Task inputs
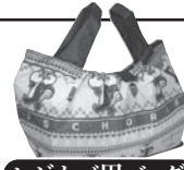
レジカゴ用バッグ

--

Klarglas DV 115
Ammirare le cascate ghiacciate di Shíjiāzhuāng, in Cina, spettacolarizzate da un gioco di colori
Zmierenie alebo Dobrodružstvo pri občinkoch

What you have to do
Retype only this portion of the data above: the line containing "Klarglas DV 115", the line containing "Zmierenie alebo Dobrodružstvo pri občinkoch", and all lines between them, exactly.

Result of this exercise
Klarglas DV 115
Ammirare le cascate ghiacciate di Shíjiāzhuāng, in Cina, spettacolarizzate da un gioco di colori
Zmierenie alebo Dobrodružstvo pri občinkoch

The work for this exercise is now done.